Gastric Lavage


Gastric lavage means cleaning out the contents of the stomach. It is also called stomach pumping or Gastric irrigation. It is commonly done on a person who has ingested a poison or has taken an overdose of a drug. It should be done within 3 hours of ingestion of a poison. With poisons like salicylates , phenothiazines and tricyclic antidepressants, antihistaminics; lavage can be done upto 12 to 18 hrs after ingestion of poison.


Gastric lavage involves the passage of a tube via the mouth or nose down into the stomach, followed by sequential administration and removal of small volumes of liquid.
Patient should be lying on his left side or prone with head hanging over the edge of the bed and face down
The end of tube is lubricated before passing it by depressing the tongue.
The placement of the tube in the stomach must be confirmed either by air insufflation while listening to the stomach, by pH testing a small amount of aspirated stomach contents, or x-ray. This is to ensure the tube is not in the lungs.
In adults, small amounts of warm water or saline are administered and via a siphoning action removed again.
In children, normal saline is used, as children are more at risk of developing hyponatremia if lavaged with water.
Because of the possibility of vomiting, a suction device is always on hand in case of pulmonary aspiration of stomach contents.
Lavage is repeated until the returning fluid shows no further gastric contents. If the patient is unconscious or cannot protect their airway then the patient should be incubated before performing lavage.
Stomach is not completely emptied but a small quantity of the fluid containing the antidote or activated charcoal suspension is left behind in the stomach, so that it may neutralise the small quantity of poison that is left behind

Gastric lavage can be done with:

1. 1:5000 potassium permanganate
2. 5% sodium bicarbonate
3. 4% tannic acid
4. 1% sodium or potassium iodide
5. 1-3% calcium lactate
6. Saturated lime water or starch solution
7. 0.9% saline

Gastric lavage should not be done routinely. Lavage should only be considered if the amount of poison ingested is potentially life-threatening.
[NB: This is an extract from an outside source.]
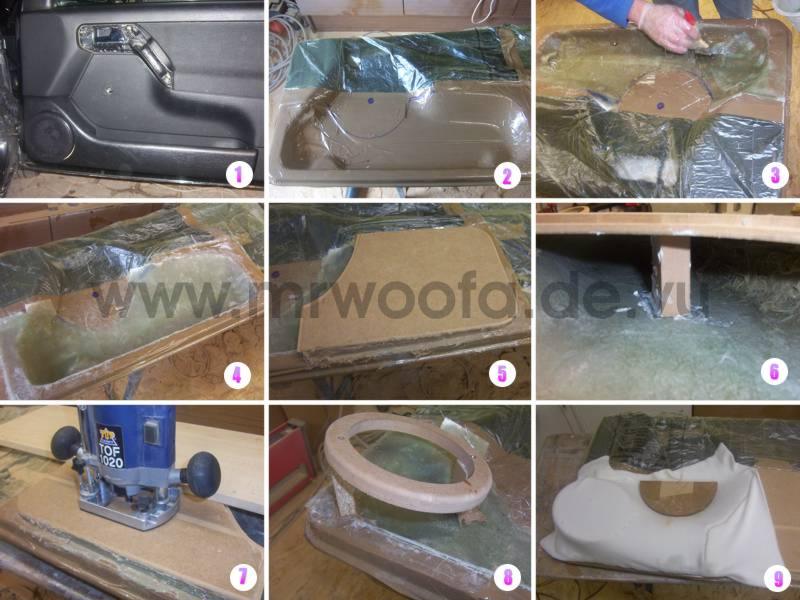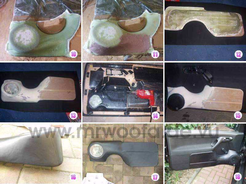 In einer einmalig krassen Aktion habe ich mit CHUCKY (ist u.a. oft im VTC-Car-HiFi-Forum) zusammen in nur 2 Tagen ein komplettes Paar Doorboards gebaut. Verbaut werden hier Xetec G-6 Tiefmitteltöner. Bedingt durch etliche dumme Zwischenfälle (Härter ausgegangen, defekt der Sprühkleberdose) haben wir's trotz etwa 23 Stunden Arbeit nicht mehr geschafft, die Boards noch zu beziehen. Das macht er dann zu Hause.

Lavage is contraindicated when there is a risk of aspiration pneumonia or gastrointestinal hemorrhage or perforation. Relative contraindications include when the poisoning is due to a corrosive substance hydrocarbons.

The most dangerous risk is aspiration pneumonia, which is more likely to occur if hydrocarbons are ingested or in patients without a protected airway. Other complications include bradycardia, epistaxis, hyponatremia, hypochloremia, water intoxication, or mechanical injury to the stomach.